The procedure may be better reserved for its role evaluating treatment response and recurrence, according to researchers.

Mapping sentinel lymph nodes (SLNs) is critical to the staging of cutaneous melanoma because if a sentinel lymph node biopsy (SLNB) reveals regional metastases, an individual will undergo completion lymph node dissection (CLND) with curative intent, according to study background.

The National Comprehensive Cancer Network recommends — with a category 2b recommendation based on low-level evidence — PET/CT staging prior to CLND for prognostic purposes.

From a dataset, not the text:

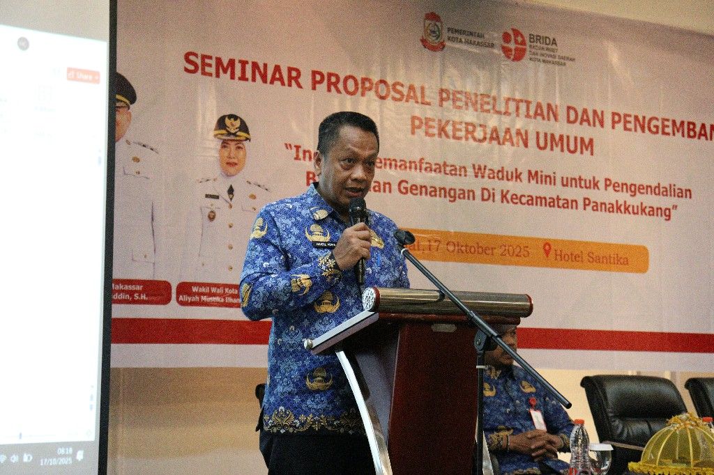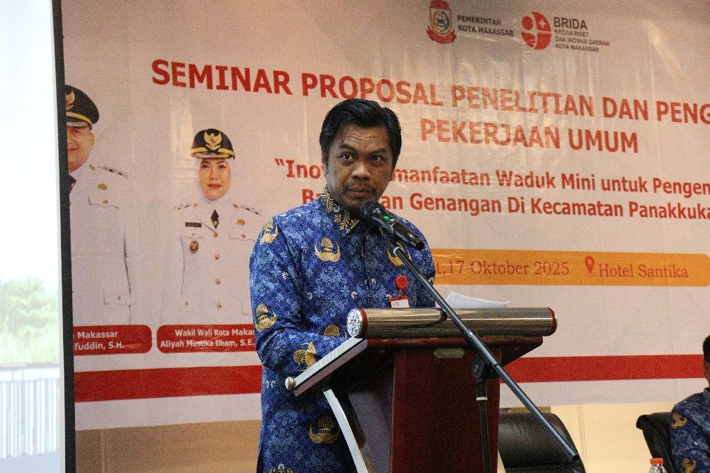 Dr. Firman Hamid Pagarra, S.STP, M.PUB.POL, selaku Asisten III Bidang Administrasi Umum Sekretariat Kota Makassar, menghadiri, membuka sekaligus menjadi narasumber pembanding (reviewer) dalam Seminar Proposal Penelitian dan Pengembangan Pekerjaan Umum bertema “Inovasi Pemanfaatan Waduk Mini untuk Pengendalian Banjir dan Genangan di Kecamatan Panakkukang.” Kegiatan ini juga dihadiri oleh Kepala BRIDA Kota Makassar, Haidil Adha, S.Sos, MM, sebagai narasumber yang memberikan perspektif riset dan inovasi dalam mendukung pengendalian banjir serta pengelolaan air perkotaan secara berkelanjutan.

The discovery of occult synchronous metastases may preclude the lymph node dissection and present an opportunity for a metastasectomy.

Benjamin Y. Scheier, MD, fellow in the division of hematology and oncology in the department of internal medicine at University of Michigan, and colleagues conducted this retrospective study to assess the use of PET/CT in detecting occult metastases in SLN-positive melanoma.

The investigators analyzed data from 46 patients treated at University of Michigan between April 2013 and September 2014 who had PET/CT prior to CLND.

Thirty-three percent of patients had intense uptake distant from the primary tumor and local lymph node basin. Of those patients, 60% had abnormalities biopsied prior to lymph node dissection.

Thirty-three percent of those biopsies (3 of 9) had metastatic melanoma, leaving a 67% false-positive rate for PET/CT.

Overall, only 7% of the patients in the population had PET/CT findings that identified metastatic melanoma, precluding the lymph node dissection.

Researchers observed no association between T stage and N stage regarding whether patients underwent PET/CT imaging.

“These data also suggest that a significant majority of asymptomatic patients with newly discovered microscopic SLN-positive melanoma do not have synchronous metastases detectable by PET/CT,” Scheier and colleagues wrote. “Our review also identified the potential for treatment delays, increased exposure to risk from additional procedures and increased health care resource usage that patients incur following detection of asymptomatic abnormalities by preoperative PET/CT. We recommend that PET/CT staging be reevaluated as a category 2B recommendation by the NCCN and its use further evaluated prospectively in a clinical trial.” – by Anthony SanFilippo

Disclosure: The researchers report no relevant financial disclosures.